Of course, there is always the question about whether the Democrats are as ardently united in their opposition to a Republican president as the Republicans are in theirs to a Democrat serving in the White House. But the more important issue is whether — given the acerbic nature of political dialogue in Washington — any president, by virtue of the nature of the office, will turn into an increasingly futile herder of two gangs of cats who are hell-bent on being at each other’s throats.

What the debt-ceiling negotiations demonstrate is that, at least in an atmosphere of extreme politicization, the only thing that ultimately matters in the power equation is the two political parties in the two houses of Congress. Hence, what is currently (but erroneously) made out to be a personal weakness of Mr. Obama’s will reveal itself as a structural shift in the U.S. body politic.

In a heavily antagonistic political framework, the “presider” is superfluous. In other words, it’s not Mr. Obama, but the office, stupid. Hard to believe though it may be, this shift is ultimately a good thing — for it forces the United States to become more like other countries, a parliamentary democracy not in name and in form, but in political practice.

Over time, the elevated nature with which the office of the U.S. president has been treated in the past, along with its 19th century pomp and decorum, is an illusion, or worse, a quasi-royalist fiction. It creates an expectation of a top-down regime of politics that is long gone.

Politics is a contact sport, especially so in the United States, where — much more than in other developed countries — two fundamentally opposed, even mutually exclusive, visions of the country’s future are in direct combat with each other. Under those circumstances, every participant, almost by necessity, has to act as a hyper-partisan.

This shift, while disorienting for the time being, is to be welcomed. Why? Because it addresses very serious questions about the ability of the United States to adapt to modern times, as well as to the age of globalization and complexity management. The latter two put a premium on the ability of all nations to adjust — and preferably to an immediate response.

In recent decades, however, the U.S. system has proven quite resistant to change, even in moments of crisis. The formal alternative, shifting away from the 1787 constitution and adopting a more modern one, is not realistic in the case of the United States. It is a remarkably tradition-bound country, and is especially so now, as far as the Republicans are concerned.

The idea of mimicking modern France — which had its start as a democratic republic pretty much at the same time as the United States (in the late 1780s) and is now onto its Fifth Republic — may be endearing, but unrealistic in the U.S. case. France uses the founding of a new republic as a solution to move forward whenever it has gotten stuck in its old political ways. Such constitutional flexibility would be unimaginable in the United States of today.

Given that, the silent shift in the constitutional structures — more toward a congressional government as presaged by Woodrow Wilson back in 1885, 28 years before he became president in 1913 — is to be welcomed.
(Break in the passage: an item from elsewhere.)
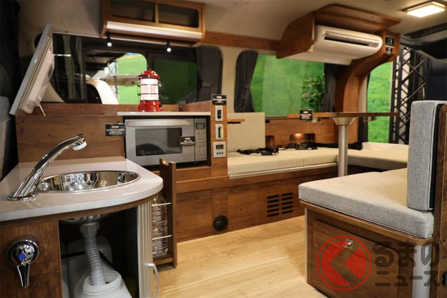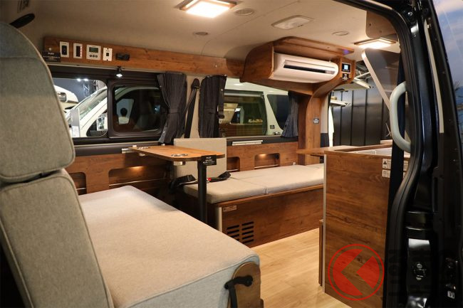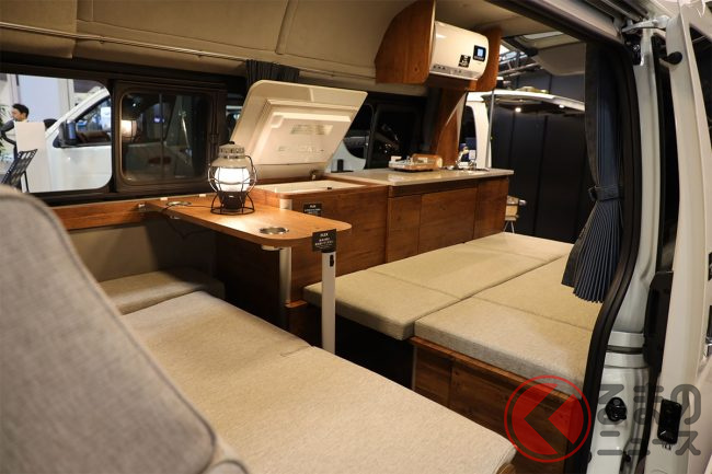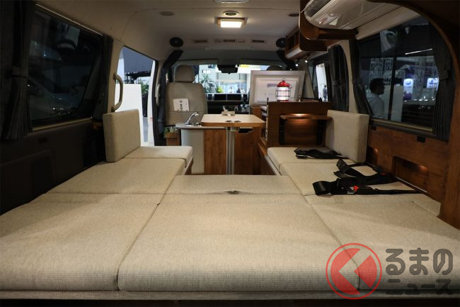 今回展示された個体は、エクステリアがブラックとゴールドとグリーンの3トーンに塗り分けられているほか、インテリアはドロワーキットの上部に設けられたフラットな空間にクッションフロアが敷き詰められていることで「本気で寝られる」仕様となっています。

Just don’t blame Obama for this structural shift. The president’s regality may have accelerated the trend, but, in the end, that outcome is to be welcomed.
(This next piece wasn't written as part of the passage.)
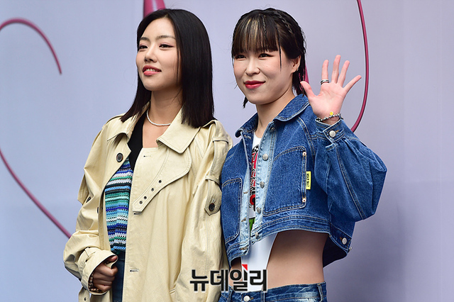댄서 원트 모아나(왼쪽부터)와 효진초이가 17일 오후 서울 중구 DDP에서 열린 서울패션위크 '홀리넘버7(HOLYNUMBER7)' 포토콜에서 포즈를 취하고 있다.

The bitterness of the current domestic political dealings will hopefully subside in time, as Americans get used to a new political reality where the presidency is a much-diminished entity. Ending the misplaced belief in its quasi-magical powers can only strengthen American democracy for what it is here (and almost everywhere) — an imperfect, highly human endeavor at self-government.

The biggest betrayal of the essence of the United States of America, it turns out, is its ill-placed and outdated belief in the powers of the presidency. Making that abundantly clear is what Mr. Obama’s tenure will ultimately be remembered for.